Host and Guest Clustering
To conclude this discussion of
virtualization’s high-availability benefits, this section explains how
the traditional Windows failover clustering instances we’re used to
using fit in with it. Host clustering is Microsoft’s term for
implementing the virtual server high availability covered in the
previous section; that is, should a physical host server fail, it will
re-start the virtual servers that were running on it on another physical
host server. It does this by using the Windows Failover Clustering
services running on the physical host servers to detect failure
situations and control the re-starting of the virtual servers.
Guest clustering is where Windows Failover
Clustering is deployed within a virtual server to protect a resource
such as an instance of SQL Server and any resource dependencies it might
have like an IP address and host name.
This is deployed in the same way a Windows
Failover Clustering would be in a physical server environment, but with
virtual rather than physical servers.
Support from Microsoft for clustering SQL Server
in this manner has been available for some time now, but adoption had
been slow as the range of storage options that could be used was small.
Today however, there are many more types of storage that are supported,
including the SMB file share support in SQL Server 2012 and raw device
mappings by VMware, which is making the use of guest clustering much
more common.
Deploying SQL Server with Virtualization’s High-Availability Features
When SQL Server is deployed in virtual
environments, trying to increase its availability by using some of the
features described becomes very tempting. In my experience, every
virtualization administrator wants to use online migration features, and
quite rightly so. Having the flexibility to move virtual servers
between host servers is often an operational necessity, so any concerns
you may have about SQL Server’s reaction to being transparently
relocated should be tested in order to gain confidence in the process.
You might find that you agree to perform the task only at quiet periods,
or you might feel safe with the process irrespective of the workload.
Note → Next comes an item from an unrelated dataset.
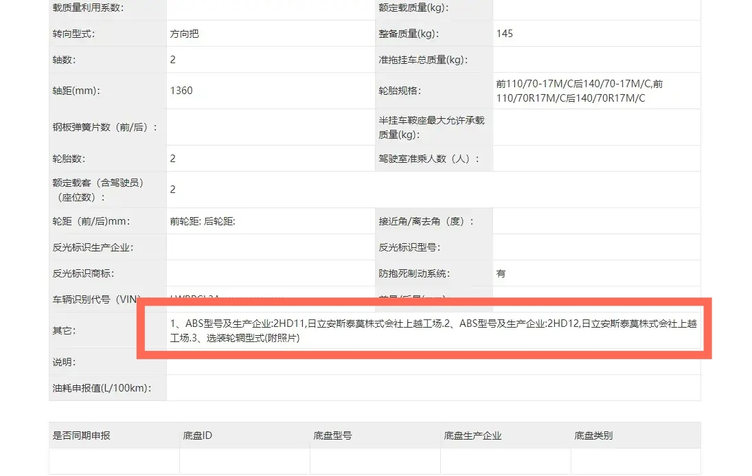 2.配置增强,新款190ss将有可能装配双通道ABS。因为在申报信息其它一栏中,ABS用序号标注了两次,这意味着190ss将会装备后轮ABS,如此一来这款车将会实现真正意义上的双通道ABS,使其刹车性能将会得到明显的提升。
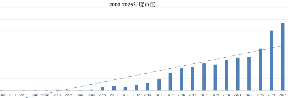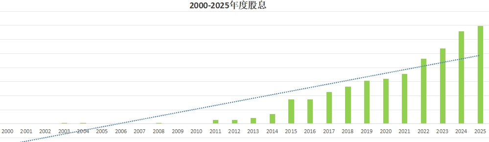 今天为止基本上也算是半年了,算下今年收益12.1%,还好。今年的总市值、年度股息收益都是历年最高。2000-2025年度市值、盈亏、股息额统计。

Likewise, the virtualization administrator is also
likely to want to use the vendor’s high-availability feature so that in
the event of a physical host server failure, the virtual servers are
automatically restarted elsewhere. This is where you need to carefully
consider your approach, if any, to making a specific instance of SQL
Server highly available. My advice is not to mix the different
high-availability technologies available at each layer of the technology
stack. This is because when a failure occurs, you only want a single
end-to-end process to react to it; the last thing you want is for two
different technologies, such as VMware’s HA feature and Windows Failover
Clustering to respond to the same issue at the same time.